Exercise directions — From the first line of the listing, copy each line exactly until you have included the line with "在闵行体育公园,既可在100"; leave out the pictures.

Information supplied —
■ ■ ■

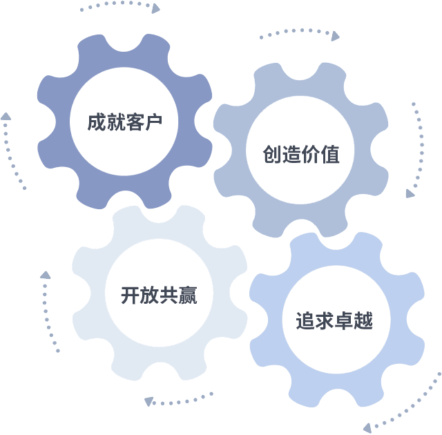 成就客户是一切决策的出发点,,创造价值是衡量所有工作的标准,,,追求卓越是我们做事做人的态度,,,开放共赢是我们的格局也是最终的结果。。。价值观的齿轮环环相扣,,推动着组织里的每个人不断向前。。。。
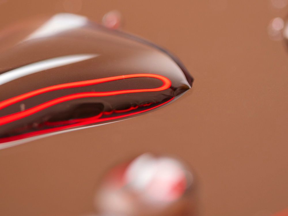 Regendruppels met rode kleur en licht
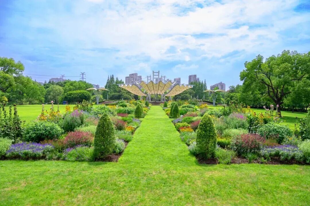 在闵行体育公园,既可在100多亩的锦绣湖上戏水泛舟,也能在千米花道上漫步赏花,还能体验全上海最长的山坡儿童滑梯。
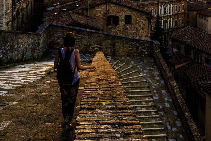 Unterhalb von Perugia machen wir halt am unterirdischen Grab der Etruskerfamilie der Volumni und tauchen in die Frühgeschichte der Region ein. Dann aber genießen wir das urbane Flair von Perugia. Die umbrische Hauptstadt ist Sitz der Ausländeruniversität - und Vorreiter in Sachen Verkehrsberuhigung: Ein geniales System an Rolltreppen und eine MiniMetro verbinden oben und unten. Auch wir rollen damit bequem und umweltfreundlich in die mittelalterliche Oberstadt, wo wir uns den Dom und den Stadtbrunnen Fontana Maggiore ansehen. Haben Sie auf die Glasfenster im Dom geachtet? Einige davon stammen aus dem traditionsreichen Kunstglasstudio, in dem uns eine der Künstlerinnen zeigt, wie die kostbaren Fenster hergestellt werden. Nach dem Mittagessen in einer Trattoria haben Sie sich zum Dessert einen Kuss verdient! Aus Schokolade: Die süßen Baci di Perugia sind unwiderstehlich! Auch Peruginos Fresken im Collegio del Cambio lassen uns staunen. Anschließend bleibt Zeit zum Flanieren über den Corso Vannucci oder für einen Caffè in der Jugendstilbar Sandri. 40 km. Abendessen in Eigenregie. (F, M)

■ ■ ■

Expected answer —
 成就客户是一切决策的出发点,,创造价值是衡量所有工作的标准,,,追求卓越是我们做事做人的态度,,,开放共赢是我们的格局也是最终的结果。。。价值观的齿轮环环相扣,,推动着组织里的每个人不断向前。。。。
 Regendruppels met rode kleur en licht
 在闵行体育公园,既可在100多亩的锦绣湖上戏水泛舟,也能在千米花道上漫步赏花,还能体验全上海最长的山坡儿童滑梯。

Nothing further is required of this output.